Кучер, погремев ящиками, банками, чуть слышно забормотал:
- Мне, гражданскому человеку, впервой попавшему в такую катавасию, ничего не остается делать, как приложиться к фляжке, которую я тут случайно нащупал. Правда, в ней не наберется и доброй кружки, но на безмясье и сова - индейка.
Атакующие подступали все ближе. Теперь уже стало слышно, как трещит под их ногами валежник, кляцают затворы винтовок и как подаются команды то по цепи, то в разных местах.
Подбежал Волович:
- Иван Алексеич! Я отвечаю за вас годовой...

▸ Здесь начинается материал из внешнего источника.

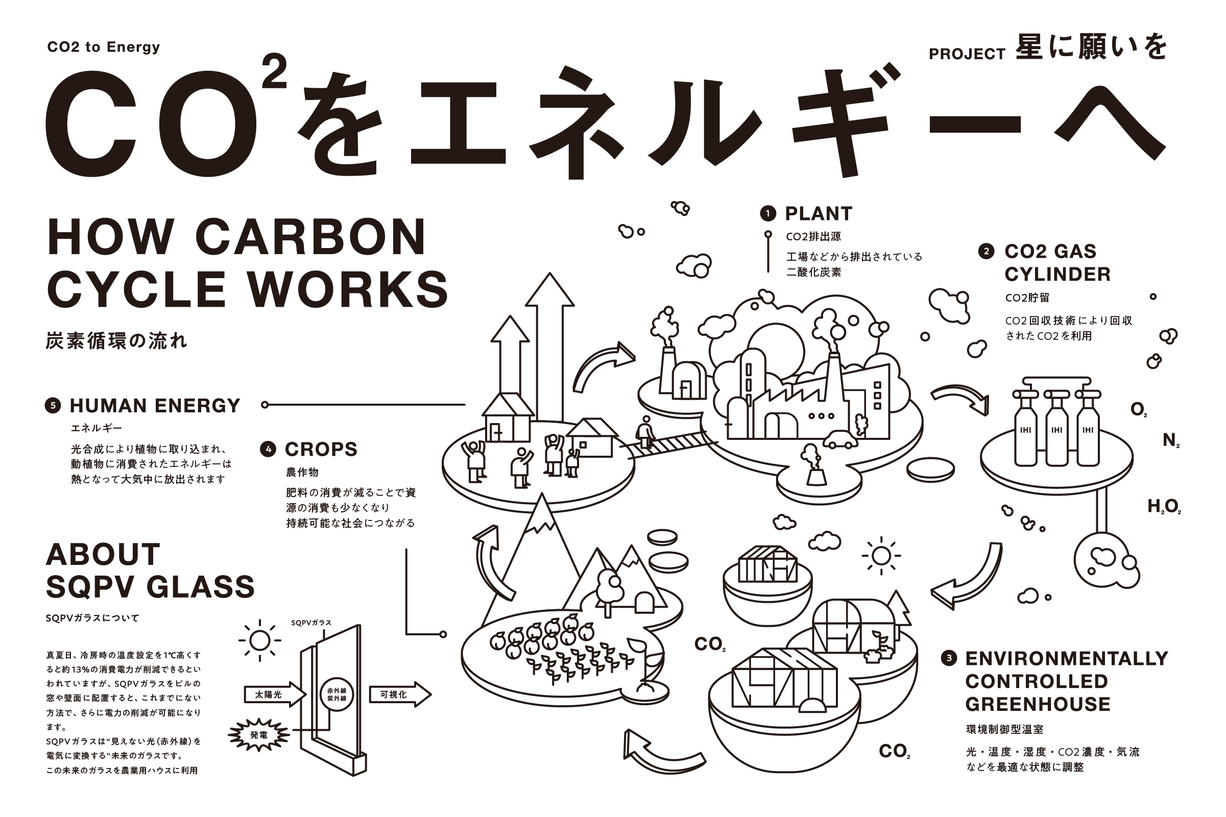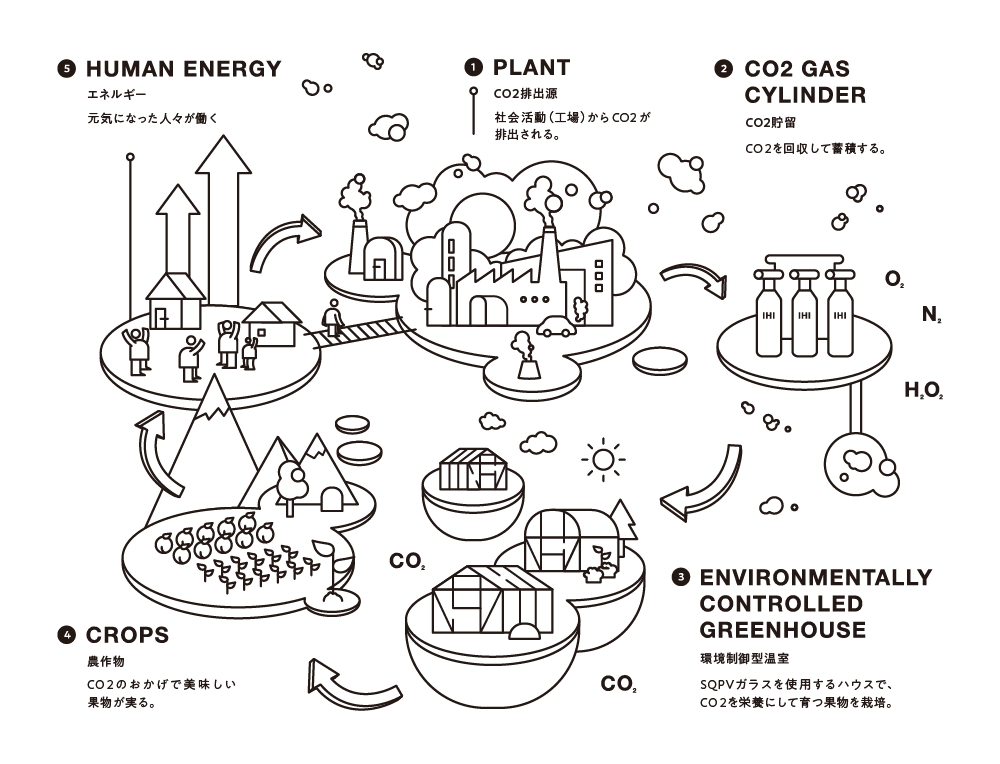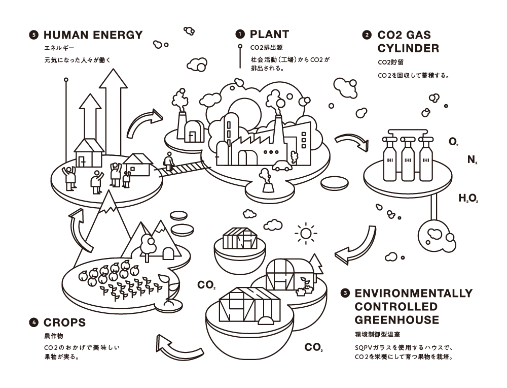 そんな時、2つの技術革新の話が飛び込んできました。1つはカーボンリサイクルの開発が進み、工場から排出されるCO2を回収する技術が商用化されたこと。もう1つは、ハウスの建設資材として赤外線を電気に変換する「sqpvガラス(無色透明発電ガラス)」が販売されたことです。

- Спокойствие! Без паники... В панике оставить голову легче, чем в гостях перчатки. Садитесь рядком и послушаем вместе, как шустро командуют младшие командиры.
Волович послушно влез на передок, заслонив, однако, собой Гуляйбабку. Над каретой взвизгнули пули. Сидящие на передке дважды им поклонились. В третий раз один из них ухватился за локоть, другой - за щеку.
- Что с вами? - вскрикнул Волович, ежась и зажимая локоть.
- Чепуха. Щеку царапнуло. А вы что? Что с вами?
- Ранен. В локоть, черт возьми.
И тут Гуляйбабка, вскочив на сиденье, загнул такую завихрастую, многоступенчатую ругань, не забыв в ней упомянуть Христа-спасителя, ангелов и всех пресвятых богородиц, что кричавшие "ура" враз замолкли. Так бывает, когда человек проглотит что-то очень горькое, невпродых. Из болота, затянутого туманом, доносился только робкий треск сучьев, шорох, приглушенные голоса.
- Разрази меня гром, браты, так це никто инший, як наш старшина, - говорил один, нервно покашливая. - Наш Иван Бабкин - и только.
- Какой старшина? Откуда он свалился? Почудилось тебе.
- Ему вечно чудится. То голос Яди, то Нади, то теперь старшины. Пошли! Громи их, ребята!
- Ах, вот кто там! Вот кто, елкин сын, вздумал громить старшину! - крикнул Гуляйбабка. - Видать мало, ох, как мало я вам, рядовой Суконцев, нарядов подсыпал! И вас щадил, Степкин, и тебя, Крапива, лишь изредка в каптерку вызывал. А зря, видать. Зря сучьих детей щадил. Построже б надо, чтоб помнили своего командира. А ты, Семочкин. Тот самый Вася Семочкин, которому я лично добавки каши приносил. Как же ты мог не узнать меня? Да мало того, стрельбу открыл? А по кому? Да по своему же родному командиру. Чуть не выбили глаз. Это кто там проявил такие незаурядные способности в меткой стрельбе? Федя Щечкин, Балюра? Воробьев? Артюхов?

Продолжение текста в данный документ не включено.